Data to process below:

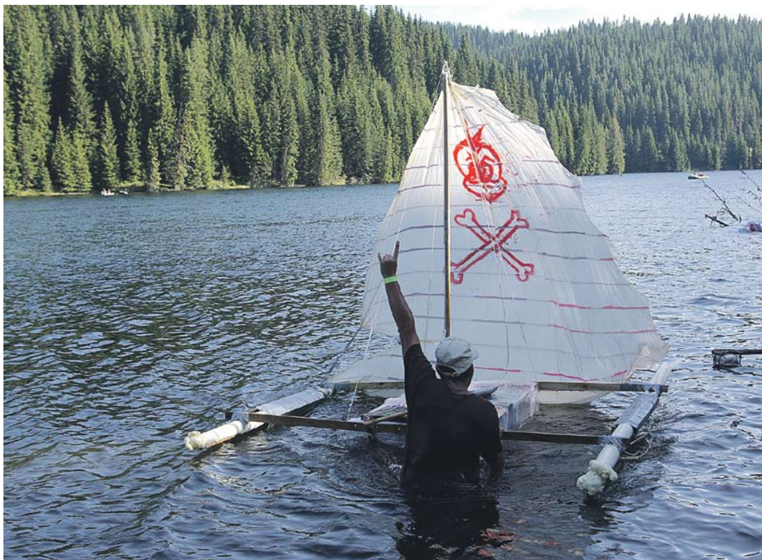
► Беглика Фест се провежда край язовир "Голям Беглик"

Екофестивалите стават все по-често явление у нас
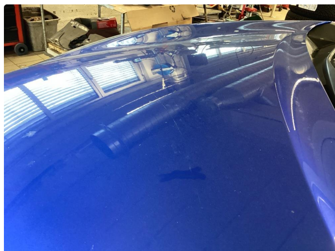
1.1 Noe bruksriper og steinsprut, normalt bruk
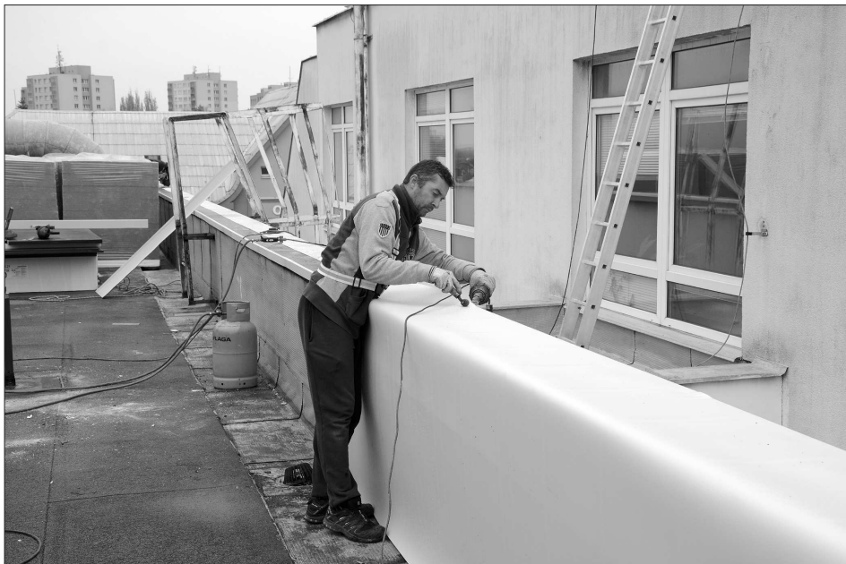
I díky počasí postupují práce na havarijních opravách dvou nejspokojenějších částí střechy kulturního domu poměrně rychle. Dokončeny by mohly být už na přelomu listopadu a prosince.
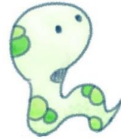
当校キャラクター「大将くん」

End of Data to process.

**What the task asks:** The answer must be the data above, repeated exactly, with no pictures.

**Exercise result:**
► Беглика Фест се провежда край язовир "Голям Беглик"

Екофестивалите стават все по-често явление у нас
1.1 Noe bruksriper og steinsprut, normalt bruk
I díky počasí postupují práce na havarijních opravách dvou nejspokojenějších částí střechy kulturního domu poměrně rychle. Dokončeny by mohly být už na přelomu listopadu a prosince.
当校キャラクター「大将くん」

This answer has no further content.